1. Start with a simple hypothesis template
Use a template that forces clarity: "If we [change], then [audience] will [behavior], because [reason]." This makes the expected behavior explicit and avoids vague outcomes like "improve engagement."
Example: "If we simplify the onboarding checklist, then new trial users will complete setup within 24 hours, because fewer steps reduce drop-off."
I've reviewed experiment briefs where the hypothesis was essentially a feature description — something like "we will add a progress bar" — with no audience, no expected behavior, and no outcome stated. Every one of those tests was hard to analyse afterward because the team had different expectations going in.
2. Name the audience precisely
Hypotheses fail when the audience is too broad. Instead of "users," specify the segment that matters: new trials, returning subscribers, mobile visitors, or a specific cohort.
Attach a segment definition you can track in analytics so the analysis matches the hypothesis.
3. Define the behavior change
State the behavior in observable terms: click, complete, submit, return. Avoid vague verbs like "engage" or "interact." If you cannot tie the behavior to an event, the hypothesis is not ready.
4. Connect to the primary metric
Every hypothesis needs a primary metric that will decide success. That metric should align with the behavior. If the hypothesis is about onboarding completion, the primary metric should not be revenue.
Choose one primary metric and list secondary metrics as guardrails.
5. Add the reasoning
Great hypotheses include a reason based on evidence. That evidence could be user research, support tickets, or past experiment learnings. Write one sentence explaining why you expect the change to work. In my experience, this reasoning line is the part teams skip most often — and it is the most important. Without it there is no shared expectation to test against, and you end up debating the result instead of learning from it.
Turn hypotheses into a habit
Make hypothesis writing a standard step in every experiment brief. Over time, the quality of your tests improves because the team has practiced being specific. That said, this habit is harder to build if you are running your first few experiments and have no historical results to draw on. In that case, user research findings or recurring support ticket themes are a reasonable evidence substitute — just note the source so everyone knows the confidence level going in.

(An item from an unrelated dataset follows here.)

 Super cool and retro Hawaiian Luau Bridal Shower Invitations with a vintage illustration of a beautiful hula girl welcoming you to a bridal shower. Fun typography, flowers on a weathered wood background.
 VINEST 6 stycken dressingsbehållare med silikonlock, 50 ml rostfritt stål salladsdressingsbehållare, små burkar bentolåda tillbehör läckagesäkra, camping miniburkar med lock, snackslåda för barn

Who should write hypotheses
Strong hypotheses rarely come from one person working alone. The clearest test ideas I have seen came from a customer success manager who noticed a recurring question pattern — not from the experimentation squad itself.

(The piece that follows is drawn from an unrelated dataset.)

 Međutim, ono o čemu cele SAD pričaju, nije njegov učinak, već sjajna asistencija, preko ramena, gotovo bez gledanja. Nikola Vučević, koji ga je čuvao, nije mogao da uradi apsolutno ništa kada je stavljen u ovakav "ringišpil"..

- Product managers contribute strategic context and link hypotheses directly to roadmap bets, ensuring every test supports a stated product goal.
- Design and UX translate usability research and session recordings into specific behavior changes, giving hypotheses a grounded evidence base.

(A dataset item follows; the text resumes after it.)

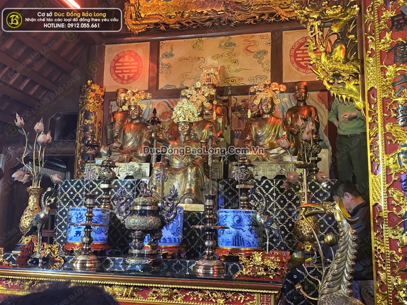 Và pho tượng Ngô Quyền bên dưới cùng và tại chính điện bao gồm 7 pho tượng

- Customer success and support surface recurring user pain points that rarely appear in analytics data alone — these often become the most impactful test ideas.
- Marketing and growth add campaign-level insights about acquisition segments, helping scope the audience definition precisely.
- Engineering flags technical constraints early so hypotheses name only behaviors the team can actually instrument and ship.
Running a short hypothesis review with two or three of these stakeholders before locking in an experiment brief typically surfaces a gap in the audience definition or evidence line that would have made post-experiment analysis harder.